ALJIR - Pengadilan Aljazair menghukum dua mantan perdana menterinya dengan hukuman penjara atas kasus pencucian uang.
Melansir BBC, Senin (16/12/2019) Ahmed Ouyahia dijatuhi hukuman 15 tahun penjara sementara Abdelmalek Sellal divonis 12 tahun. Mereka dituduh menyalahgunakan wewenang dalam skandal penggelapan manufaktur mobil dan pencucian uang.
Ini merupakan pertama kalinya mantan perdana menteri menjadi terdakwa yang diadili sejak Aljazair merdeka dari Prancis pada 1962.

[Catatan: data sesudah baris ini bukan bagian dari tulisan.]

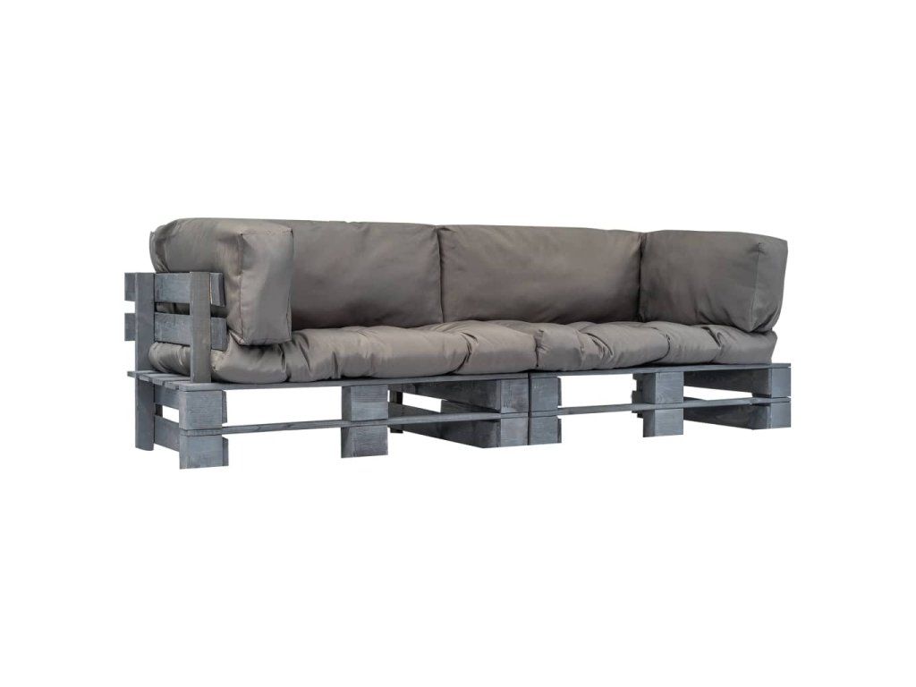 vidaXL 2-dielna záhradná súprava z paliet, sivé podložky, borovica

BACA JUGA: Ratusan Ribu Orang di Aljazair Berdemonstrasi Tuntut Presiden untuk Mundur
Keduanya adalah sekutu lama Presiden Abdelaziz Bouteflika, yang mengundurkan diri saat massa melakukan protes pada bulan April. Para pengunjuk rasa terus menyerukan reformasi besar-besaran, menuduh para pemimpin partai mengatur korupsi dan penindasan menjelang pemilihan presiden.

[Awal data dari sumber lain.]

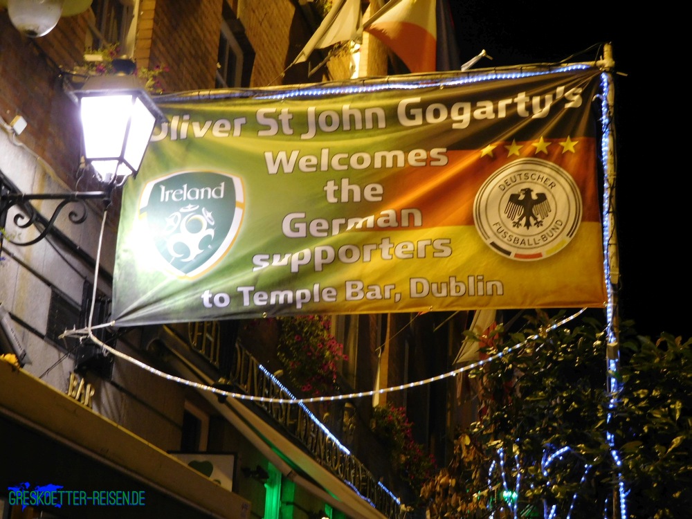 Der erste Hunger war gestillt, also konnte es weiter gehen. Wir gingen durch die vollen Straßen und kehrten im Oliver St. John Gogarty ein, neben der Temple Bar wohl der bekannteste Pub in Dublin. Auf einer großen Flagge wurden die deutschen Supporter begrüßt, dementsprechend viel deutsch wurde hier auch gesprochen. Wir ergatterten uns einen Platz draußen und überall war schwäbisch, bayrisch oder sonstiges kauderwelsch zu hören. Also stellten wir kurzerhand auf Plattdeutsch um. Wenn wir die schon nicht verstehen konnten, sollten die uns auch nicht verstehen.

Ouyahia dan Sellal merupakan dua di antara 19 terdakwa yang diadili atas tuduhan pencucian uang, penyalahgunaan jabatan, dan pemberian hak istimewa yang tidak semestinya dalam industri perakitan kendaraan.
Salah seorang menteri kabinet yang sedang menjabat, Abdesalem Bouchoureb dijatuhi hukuman 20 tahun penjara in absentia. Surat perintah penangkapan internasional telah dikeluarkan untuknya di tengah laporan bahwa dia ada di luar negeri.
Pengacara kedua mantan perdana menteri memboikot persidangan, menuduh proses pengadilan "dipolitisasi" dan bertujuan "menyelesaikan masalah", lapor kantor berita AFP.
BBC melaporkan para terpidana itu memiliki waktu 10 hari untuk mengajukan banding terhadap hukuman itu.
Skandal yang menghantam sektor otomotif diluncurkan pada 2014 melalui kemitraan antara kelompok asing dan perusahaan besar Aljazair, yang sering kali dimiliki oleh pengusaha yang terkait dengan orang-orang yang dekat dengan Bouteflika, demikian laporan kantor berita AFP.
BACA JUGA: Pengunduran Diri Presiden Aljazair Tak Surutkan Demonstrasi
Putusan itu dikeluarkan dua hari sebelum pemilihan presiden, yang pertama sejak Bouteflika dipaksa keluar dari kantor kepresidenan.
Aktivis pro-demokrasi melihat pemilihan sebagai taktik oleh sekutu Bouteflika untuk mempertahankan kekuasaan, dan massa melakukan protes untuk menuntut pembatalan.